Let's start simple, with a linear SVM classifier. It will automatically use the One-vs-All (also called One-vs-the-Rest, OvR) strategy, so there's nothing special we need to do. Easy!

In [5]:
from sklearn.svm import LinearSVC

lin_clf = LinearSVC(random_state=42)
lin_clf.fit(X_train, y_train)



LinearSVC(random_state=42)

Let's make predictions on the training set and measure the accuracy (we don't want to measure it on the test set yet, since we have not selected and trained the final model yet):

In [6]:
from sklearn.metrics import accuracy_score

y_pred = lin_clf.predict(X_train)
accuracy_score(y_train, y_pred)

0.8656166666666667

86% accuracy on MNIST is a really bad performance. This linear model is certainly too simple for MNIST, but perhaps we just needed to scale the data first:

In [7]:
from sklearn.preprocessing import StandardScaler

scaler = StandardScaler()
X_train_scaled = scaler.fit_transform(X_train.astype(np.float32))
X_test_scaled = scaler.transform(X_test.astype(np.float32))

In [8]:
lin_clf = LinearSVC(random_state=42)
lin_clf.fit(X_train_scaled, y_train)



LinearSVC(random_state=42)

In [9]:
y_pred = lin_clf.predict(X_train_scaled)
accuracy_score(y_train, y_pred)

0.92025

That's much better (we cut the error rate in two), but still not great at all for MNIST. If we want to use an SVM, we will have to use a kernel. Let's try an SVC with an RBF kernel (the default).

In [11]:
from sklearn.svm import SVC

svm_clf = SVC(decision_function_shape="ovr", gamma="auto")
svm_clf.fit(X_train_scaled[:10000], y_train[:10000])

SVC(gamma='auto')

In [12]:
y_pred = svm_clf.predict(X_train_scaled)
accuracy_score(y_train, y_pred)

0.9476

That's promising, we get better performance even though we trained the model on 6 times less data. Let's tune the hyperparameters by doing a randomized search with cross validation. We will do this on a small dataset just to speed up the process:

In [13]:
from sklearn.model_selection import RandomizedSearchCV
from scipy.stats import reciprocal, uniform

param_distributions = {"gamma": reciprocal(0.001, 0.1), "C": uniform(1, 10)}
rnd_search_cv = RandomizedSearchCV(svm_clf, param_distributions, n_iter=10, verbose=2, cv=3)
rnd_search_cv.fit(X_train_scaled[:1000], y_train[:1000])

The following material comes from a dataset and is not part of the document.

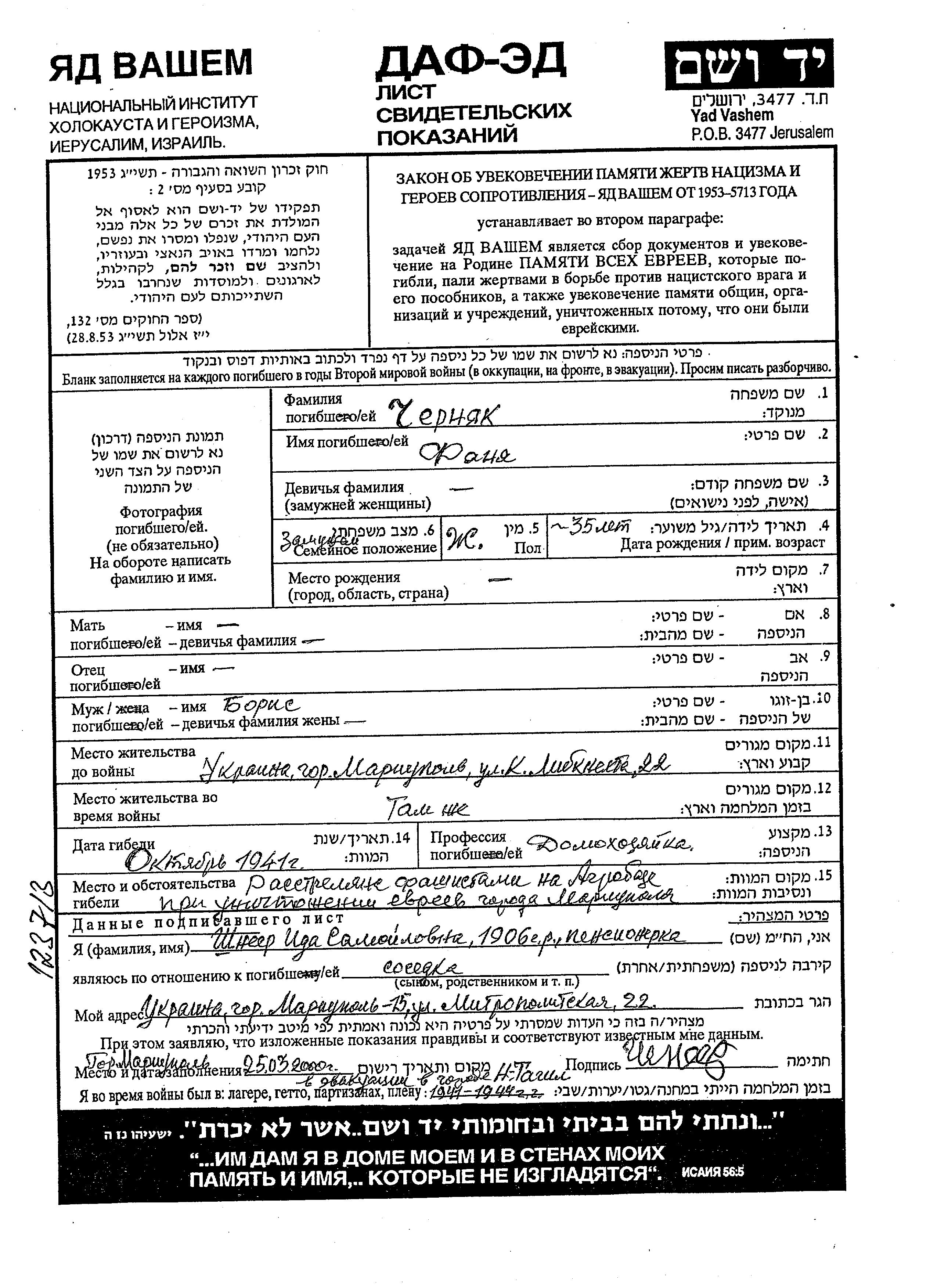 Fanya Chernyak. Sie war mit Boris Verheiratet. Vor dem Zweiten Weltkrieg lebte sie in Mariupol, Ukraine (UdSSR). Während des Krieges war sie in Mariupol, Ukraine (UdSSR).

Fitting 3 folds for each of 10 candidates, totalling 30 fits
[CV] END ....C=8.852316058423087, gamma=0.001766074650481071; total time=   0.3s
[CV] END ....C=8.852316058423087, gamma=0.001766074650481071; total time=   0.3s
[CV] END ....C=8.852316058423087, gamma=0.001766074650481071; total time=   0.2s
[CV] END ...C=1.8271960104746645, gamma=0.006364737055453384; total time=   0.3s
[CV] END ...C=1.8271960104746645, gamma=0.006364737055453384; total time=   0.3s
[CV] END ...C=1.8271960104746645, gamma=0.006364737055453384; total time=   0.3s
[CV] END ....C=9.875199193765326, gamma=0.051349833451870636; total time=   0.3s
[CV] END ....C=9.875199193765326, gamma=0.051349833451870636; total time=   0.3s
[CV] END ....C=9.875199193765326, gamma=0.051349833451870636; total time=   0.3s
[CV] END ......C=6.59992909281409, gamma=0.05991666578466177; total time=   0.3s
[CV] END ......C=6.59992909281409, gamma=0.05991666578466177; total time=   0.3s
[CV] END ......C=6.59992909281409, gamma=0.05991

RandomizedSearchCV(cv=3, estimator=SVC(gamma='auto'),
                   param_distributions={'C': <scipy.stats._distn_infrastructure.rv_frozen object at 0x0000028F621B3790>,
                                        'gamma': <scipy.stats._distn_infrastructure.rv_frozen object at 0x0000028F621B35B0>},
                   verbose=2)

In [14]:
rnd_search_cv.best_estimator_

SVC(C=8.852316058423087, gamma=0.001766074650481071)

In [15]:
rnd_search_cv.best_score_

0.8630037222851593

This looks pretty low but remember we only trained the model on 1,000 instances. Let's retrain the best estimator on the whole training set (run this at night, it will take hours):

In [16]:
rnd_search_cv.best_estimator_.fit(X_train_scaled, y_train)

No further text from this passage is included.